Ein Drittel Karpule der Anästhesielösung um den betroffenen Zahn herum infiltrieren.

Bei Unterkiefermolaren einen Mentalblock und/oder eine mylohyoide Infiltration verwenden.

Versuchen Sie keine Wurzelbehandlung, bevor der Zahn nicht perkutiert werden kann (wenn er ursprünglich empfindlich war) oder bis der Schmerzreiz (Kälte, Wärme) ohne Beschwerden auf den Zahn ausgeübt werden kann.

Zu oft wartet der Arzt nicht ausreichend lange, bevor er eine Notfallbehandlung einleitet, und das kalte Wasser oder die Luft aus der Turbine verursacht beim Patienten starke Schmerzen. Dies schwächt das Vertrauen des Patienten in den Arzt und senkt seine Schmerzgrenze. Wenn nach Befolgung dieser Grundprinzipien immer noch keine ausreichende Anästhesie erreicht wurde, kann eine intraligamentäre Injektion (Abb. 15-25) oder eine intraossäre Injektion (Stabident; X-tip ) in Betracht gezogen werden.24 Bei mehrwurzeligen Zähnen sollten intraligamentäre und intraossäre Injektionen jedoch neben oder in der Nähe jeder Wurzel platziert werden, um eine vollständige Anästhesie zu erreichen.

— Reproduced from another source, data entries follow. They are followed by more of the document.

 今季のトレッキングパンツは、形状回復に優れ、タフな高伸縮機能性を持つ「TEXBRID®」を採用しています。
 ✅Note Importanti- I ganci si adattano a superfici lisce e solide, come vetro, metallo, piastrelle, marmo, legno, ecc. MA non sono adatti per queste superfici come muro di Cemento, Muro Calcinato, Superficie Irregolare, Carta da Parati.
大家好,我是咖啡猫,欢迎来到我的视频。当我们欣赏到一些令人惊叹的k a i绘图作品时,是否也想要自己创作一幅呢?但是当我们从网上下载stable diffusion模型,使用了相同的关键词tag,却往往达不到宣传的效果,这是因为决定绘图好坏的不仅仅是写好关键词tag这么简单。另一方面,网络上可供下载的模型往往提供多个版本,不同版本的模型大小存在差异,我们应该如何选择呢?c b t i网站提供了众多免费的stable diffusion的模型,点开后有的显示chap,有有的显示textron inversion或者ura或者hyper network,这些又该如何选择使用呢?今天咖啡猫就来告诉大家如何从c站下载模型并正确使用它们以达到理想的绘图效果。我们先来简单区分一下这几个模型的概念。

Dies gilt insbesondere für Backenzähne, bei denen die distale Wurzel in einigen Fällen durch eine beträchtliche Entfernung von der mesialen Wurzel getrennt ist.

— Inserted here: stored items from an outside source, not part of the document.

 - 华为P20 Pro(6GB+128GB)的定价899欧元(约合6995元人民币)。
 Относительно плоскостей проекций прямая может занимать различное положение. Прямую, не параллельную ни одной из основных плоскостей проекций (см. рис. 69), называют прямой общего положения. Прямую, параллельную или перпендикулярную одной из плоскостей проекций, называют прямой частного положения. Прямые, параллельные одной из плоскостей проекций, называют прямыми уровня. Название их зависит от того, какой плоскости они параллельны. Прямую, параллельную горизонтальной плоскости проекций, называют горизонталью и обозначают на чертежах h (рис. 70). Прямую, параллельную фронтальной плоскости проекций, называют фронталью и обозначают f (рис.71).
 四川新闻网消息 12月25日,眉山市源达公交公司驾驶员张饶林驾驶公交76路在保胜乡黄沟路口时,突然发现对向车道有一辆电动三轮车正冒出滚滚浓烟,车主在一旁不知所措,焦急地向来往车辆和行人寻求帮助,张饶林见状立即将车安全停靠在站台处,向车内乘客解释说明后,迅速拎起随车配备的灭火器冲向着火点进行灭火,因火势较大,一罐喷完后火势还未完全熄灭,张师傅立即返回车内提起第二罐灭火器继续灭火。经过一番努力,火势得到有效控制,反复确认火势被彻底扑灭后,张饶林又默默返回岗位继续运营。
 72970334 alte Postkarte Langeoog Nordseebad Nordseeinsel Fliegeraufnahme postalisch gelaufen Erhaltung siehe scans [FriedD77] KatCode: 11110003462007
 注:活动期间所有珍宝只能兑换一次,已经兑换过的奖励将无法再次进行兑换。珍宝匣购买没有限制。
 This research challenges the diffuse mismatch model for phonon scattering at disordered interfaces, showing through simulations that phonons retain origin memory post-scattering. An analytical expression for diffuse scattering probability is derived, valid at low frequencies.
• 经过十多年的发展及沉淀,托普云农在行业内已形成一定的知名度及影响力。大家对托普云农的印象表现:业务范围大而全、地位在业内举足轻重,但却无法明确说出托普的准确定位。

Wenn alle anderen Techniken nicht ausreichen, um eine ordnungsgemäße Anästhesie zu erzielen, oder wenn der Bereich, in den die Anästhesielösung eingebracht wird, möglicherweise gefährdet ist (Schwellung, Trauma), kann eine intrapulpale Anästhesie durchgeführt werden (Abb. 15-26).8 Diese Technik kann anfänglich Schmerzen verursachen, bis die Pulpa penetriert wurde.2 Daher ist die Beachtung der richtigen Technik unerlässlich. Um den Zugang zur Pulpakammer mit möglichst wenig Beschwerden für den Patienten zu erreichen, wird ein runder Bohrer Nr. 1 oder 2 in kurzen, inkrementellen Hüben verwendet. Der Bohrer wird verwendet, um in die Mitte dessen zu schneiden, was normalerweise die Kontur der Präparation der Zugangsöffnung wäre, oder er wird auf das höchste Pulpahorn gerichtet. Wenn der Bohrer jeweils nur wenige Zehntelmillimeter in den Zahn eindringt, werden starke Beschwerden minimiert und der Zugang zur Pulpa erreicht (Abb. 15-27). Eine 30er-Nadel wird in die kleine Öffnung im Dach der Pulpakammer eingeführt, wobei das Anästhetikum während des Eindringens injiziert wird. Oft sind nur wenige Tropfen der Lösung erforderlich, um das Pulpagewebe zu betäuben. Bei der intrapulpalen Technik kann nur das koronale Pulpagewebe betäubt werden. Oft ist das vitale Gewebe in den Kanälen nicht richtig betäubt worden, und eine Pulpektomie sollte nicht versucht werden. In einigen Fällen kann eine vollständige Anästhesie der Pulpa erreicht werden, und die Pulpa kann vollständig entfernt werden. Nach komplizierten Kronenfrakturen (siehe Kapitel 19), insbesondere bei Vorhandensein von Weichteilschwellungen, können Injektionen direkt in den Bereich der freiliegenden Pulpa gegeben werden. Es wird eine schnelle Anästhesie mit minimalen Beschwerden für den Patienten erreicht.